In the entries below, begin at the line that has "10月1日,敖其尔的姐姐额尔" and stop after the line that has "为进一步统一思想、振奋精神、"; output those lines exactly, leaving out pictures.

====== Data ======

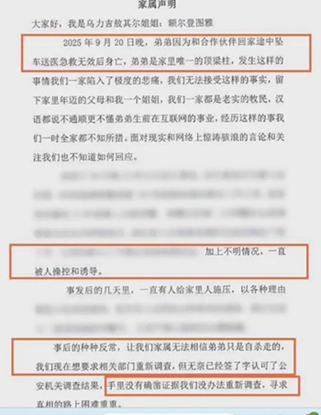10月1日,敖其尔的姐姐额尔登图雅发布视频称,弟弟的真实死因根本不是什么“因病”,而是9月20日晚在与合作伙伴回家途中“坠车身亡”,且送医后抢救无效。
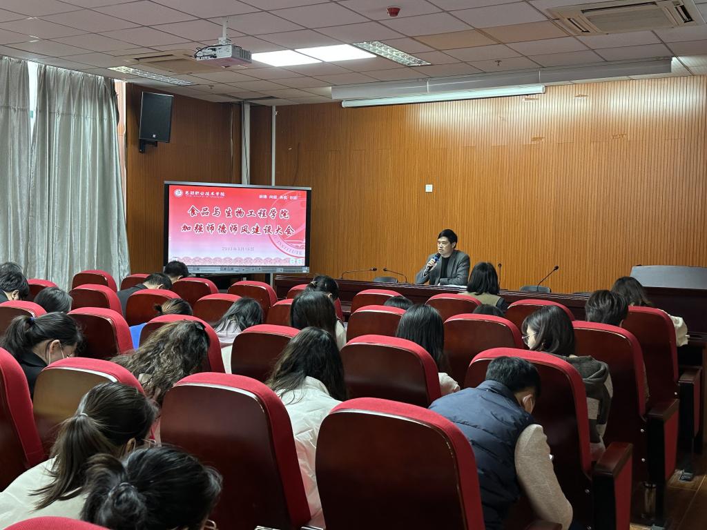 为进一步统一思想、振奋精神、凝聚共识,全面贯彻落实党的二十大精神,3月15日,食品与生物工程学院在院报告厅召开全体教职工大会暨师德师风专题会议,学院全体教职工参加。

======
====== Data ======

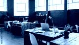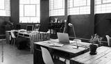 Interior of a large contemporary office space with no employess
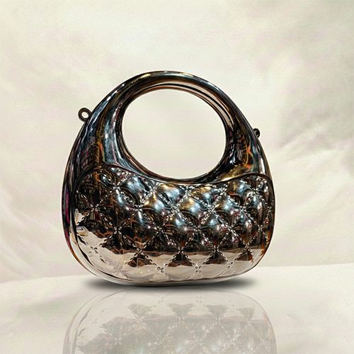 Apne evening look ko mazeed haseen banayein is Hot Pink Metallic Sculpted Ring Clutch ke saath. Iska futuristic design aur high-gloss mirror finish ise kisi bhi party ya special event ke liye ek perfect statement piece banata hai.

======

▶ Exercise response:
10月1日,敖其尔的姐姐额尔登图雅发布视频称,弟弟的真实死因根本不是什么“因病”,而是9月20日晚在与合作伙伴回家途中“坠车身亡”,且送医后抢救无效。
 为进一步统一思想、振奋精神、凝聚共识,全面贯彻落实党的二十大精神,3月15日,食品与生物工程学院在院报告厅召开全体教职工大会暨师德师风专题会议,学院全体教职工参加。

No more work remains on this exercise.